La Serao riporta però che qualche tempo dopo furono ritrovate in una cloaca delle ossa che avrebbero potuto essere quelle del nano, ed avanza l’ipotesi che i parenti Frezza avessero alla fine deciso di assassinarlo.
L’altra ipotesi della leggenda del “Munaciello”
Con la seconda ipotesi, siamo ancora sul 1600. A Napoli, a quei tempi, si aggirano figure indispensabili per la città: i pozzari. Questi erano incaricati di pulire le cisterne e le fognature e, per questo, erano spesso agili e snelli. Guarda caso, portavano un informe lunga, con cappuccio: molto simile a quella dei monaci.
Poiché spesso i pozzari non venivano pagati dai loro committenti, costoro si “vendicavano” entrando nelle case dei Signori attraverso i pozzi e rubando per sé oggetti preziosi. Gli stessi oggetti preziosi, talvolta, venivano poi donati dai pozzari alle loro amanti, nelle cui case i gestori dei pozzi si intrufolavano sempre attraverso i canali per calare il secchio. Anche per questo la leggenda vuole che il munaciello talvolta rubi, talvolta doni.
Dicerie e curiosità sul “Munaciello”
Abbiamo visto come la figura del “Munaciello” sia una figura capricciosa e volubile. Tra i vicoli del centro storico, le signore più anziane ancora dicono “O munaciello”, a chi arricchisce e chi “appezzantisce” ( Il munaciello alcuni li rende ricchi, altri li impoverisce).
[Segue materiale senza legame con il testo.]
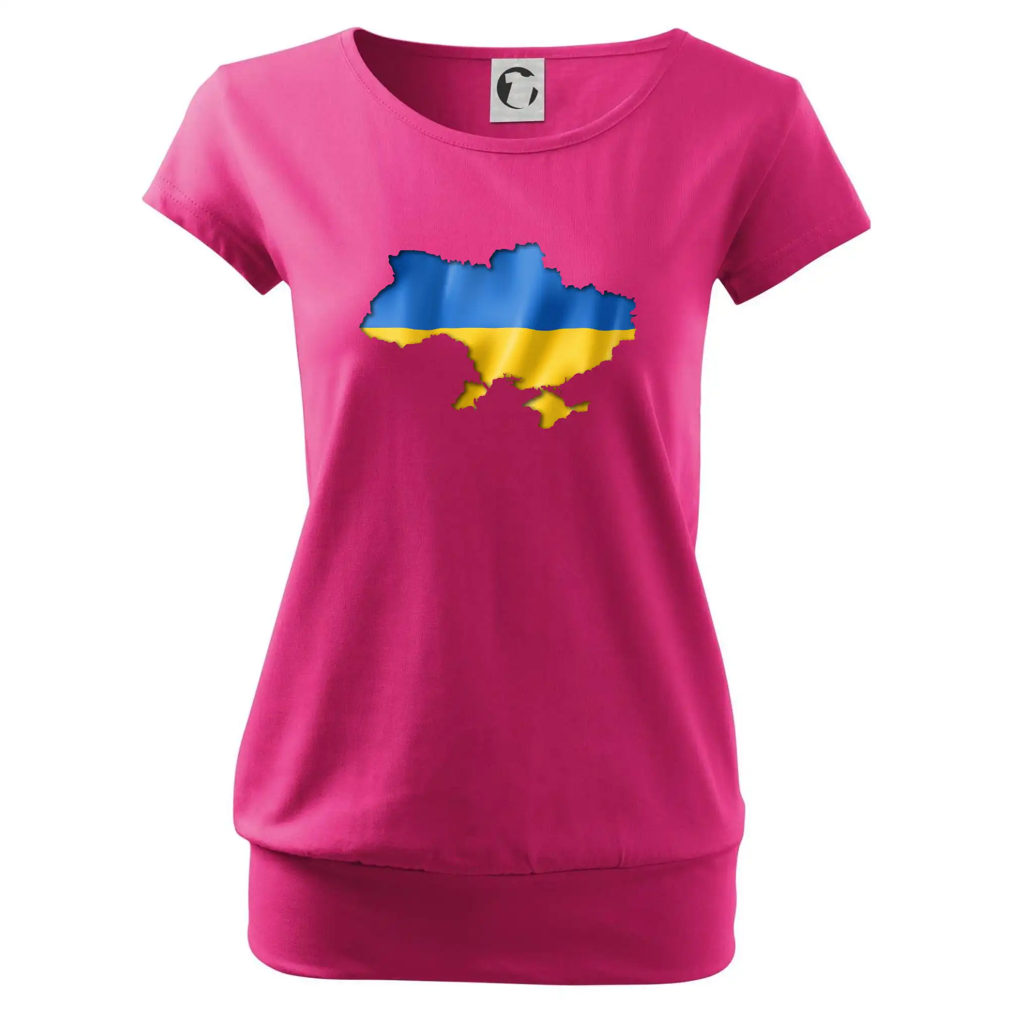 Trendové dámske tričko s veľmi krátkym rukávom, voľnejšieho strihu, v dolnom kraji všité do širokého lemu. Okrúhly priekrčník s úzkym lemom zo zhodného materiálu.

O anche si usa ancora dire, quando d’improvviso una persona si arricchisce, che questa abbia il munaciello in casa che gli dispensa denaro.
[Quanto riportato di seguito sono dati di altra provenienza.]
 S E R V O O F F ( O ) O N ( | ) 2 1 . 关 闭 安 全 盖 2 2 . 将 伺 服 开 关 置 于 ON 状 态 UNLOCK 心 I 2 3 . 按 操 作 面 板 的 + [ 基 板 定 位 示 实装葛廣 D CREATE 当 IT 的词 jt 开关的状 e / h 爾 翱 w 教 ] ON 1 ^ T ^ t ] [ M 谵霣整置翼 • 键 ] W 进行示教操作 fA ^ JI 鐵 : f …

Si è soliti inoltre, quando si sospetta di avere “l’ospite”, di lasciargli una sedia e del cibo durante la notte. Quando si abbiano sospetti del genere è anche giusto che non si dica nulla a nessuno, per non indispettirlo. Bisogna infatti ricordare che questo fantasmino dispettoso non si lega alla casa ma alla persona. E’ voi che sceglie, non la vostra dimora.
Ciò non toglie che ci siano luoghi che, per tradizione, ne sono da sempre infestati: come ad esempio la Villa Gallo, una villa storica sui colli aminei.
Il “Munaciello” rappresenta comunque un personaggio che subisce “angherie” e per questo vorrebbe vendicarsi. In realtà nella Napoli odierna viene ricordato solo negli eventi di “sparizione ” di oggetti ma con molta simpatia. Incolpare il “Munaciello” quando “sparisce” qualcosa in casa in realtà è un modo per evitare di affrontare la propria sbadataggine.